> [Work to be completed]
Below are records to retype exactly, except for the pictures.

> [Dataset content]
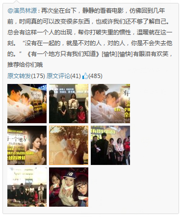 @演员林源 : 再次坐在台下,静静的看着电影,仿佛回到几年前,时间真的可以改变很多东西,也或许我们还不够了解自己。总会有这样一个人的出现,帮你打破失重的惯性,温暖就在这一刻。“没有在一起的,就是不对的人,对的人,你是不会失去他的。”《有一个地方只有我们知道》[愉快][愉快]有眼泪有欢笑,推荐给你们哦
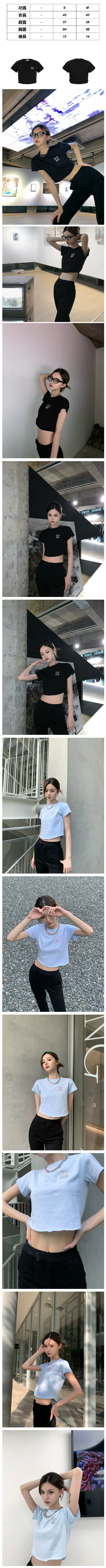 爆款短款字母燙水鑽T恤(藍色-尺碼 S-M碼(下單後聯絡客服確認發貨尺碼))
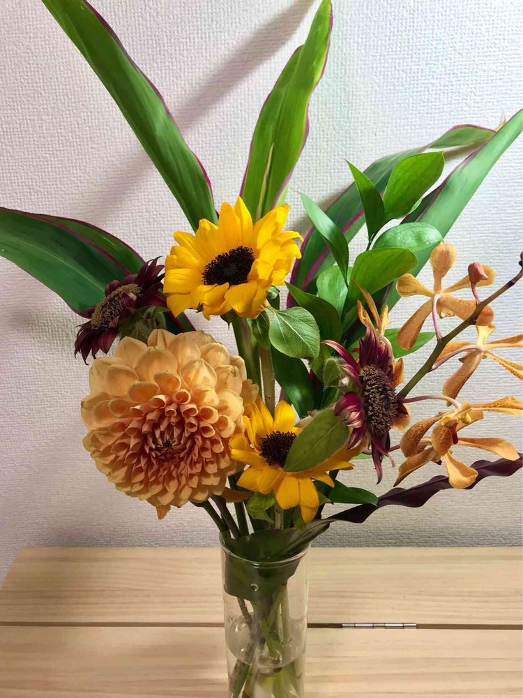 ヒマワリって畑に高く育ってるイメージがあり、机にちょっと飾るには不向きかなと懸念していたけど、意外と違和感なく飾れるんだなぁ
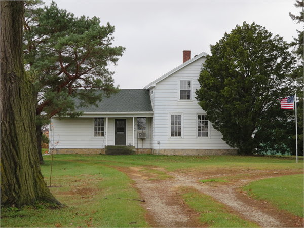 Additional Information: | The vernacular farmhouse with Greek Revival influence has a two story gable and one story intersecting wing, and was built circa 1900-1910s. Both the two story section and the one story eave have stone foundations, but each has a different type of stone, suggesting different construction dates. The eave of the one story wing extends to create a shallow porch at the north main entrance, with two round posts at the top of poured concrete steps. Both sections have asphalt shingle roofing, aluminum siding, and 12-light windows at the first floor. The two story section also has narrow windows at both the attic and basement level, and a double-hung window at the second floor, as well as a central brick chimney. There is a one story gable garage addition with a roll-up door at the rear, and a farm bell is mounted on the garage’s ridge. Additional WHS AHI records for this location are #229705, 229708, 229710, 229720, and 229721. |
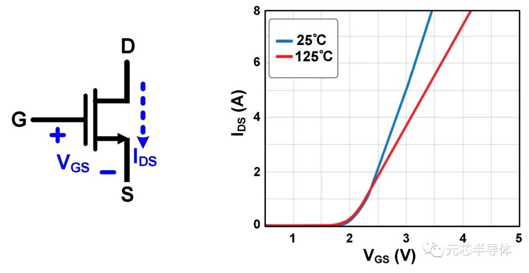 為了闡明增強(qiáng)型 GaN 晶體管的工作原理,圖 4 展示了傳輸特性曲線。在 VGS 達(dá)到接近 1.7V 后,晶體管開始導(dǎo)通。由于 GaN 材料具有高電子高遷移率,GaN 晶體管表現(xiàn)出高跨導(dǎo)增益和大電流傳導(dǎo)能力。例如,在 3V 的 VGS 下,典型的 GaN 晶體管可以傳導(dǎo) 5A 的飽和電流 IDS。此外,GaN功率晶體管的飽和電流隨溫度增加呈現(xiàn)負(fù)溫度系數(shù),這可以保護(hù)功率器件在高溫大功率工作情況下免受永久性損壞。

> [Solution to the problem]
 @演员林源 : 再次坐在台下,静静的看着电影,仿佛回到几年前,时间真的可以改变很多东西,也或许我们还不够了解自己。总会有这样一个人的出现,帮你打破失重的惯性,温暖就在这一刻。“没有在一起的,就是不对的人,对的人,你是不会失去他的。”《有一个地方只有我们知道》[愉快][愉快]有眼泪有欢笑,推荐给你们哦
 爆款短款字母燙水鑽T恤(藍色-尺碼 S-M碼(下單後聯絡客服確認發貨尺碼))
 ヒマワリって畑に高く育ってるイメージがあり、机にちょっと飾るには不向きかなと懸念していたけど、意外と違和感なく飾れるんだなぁ
 Additional Information: | The vernacular farmhouse with Greek Revival influence has a two story gable and one story intersecting wing, and was built circa 1900-1910s. Both the two story section and the one story eave have stone foundations, but each has a different type of stone, suggesting different construction dates. The eave of the one story wing extends to create a shallow porch at the north main entrance, with two round posts at the top of poured concrete steps. Both sections have asphalt shingle roofing, aluminum siding, and 12-light windows at the first floor. The two story section also has narrow windows at both the attic and basement level, and a double-hung window at the second floor, as well as a central brick chimney. There is a one story gable garage addition with a roll-up door at the rear, and a farm bell is mounted on the garage’s ridge. Additional WHS AHI records for this location are #229705, 229708, 229710, 229720, and 229721. |
 為了闡明增強(qiáng)型 GaN 晶體管的工作原理,圖 4 展示了傳輸特性曲線。在 VGS 達(dá)到接近 1.7V 后,晶體管開始導(dǎo)通。由于 GaN 材料具有高電子高遷移率,GaN 晶體管表現(xiàn)出高跨導(dǎo)增益和大電流傳導(dǎo)能力。例如,在 3V 的 VGS 下,典型的 GaN 晶體管可以傳導(dǎo) 5A 的飽和電流 IDS。此外,GaN功率晶體管的飽和電流隨溫度增加呈現(xiàn)負(fù)溫度系數(shù),這可以保護(hù)功率器件在高溫大功率工作情況下免受永久性損壞。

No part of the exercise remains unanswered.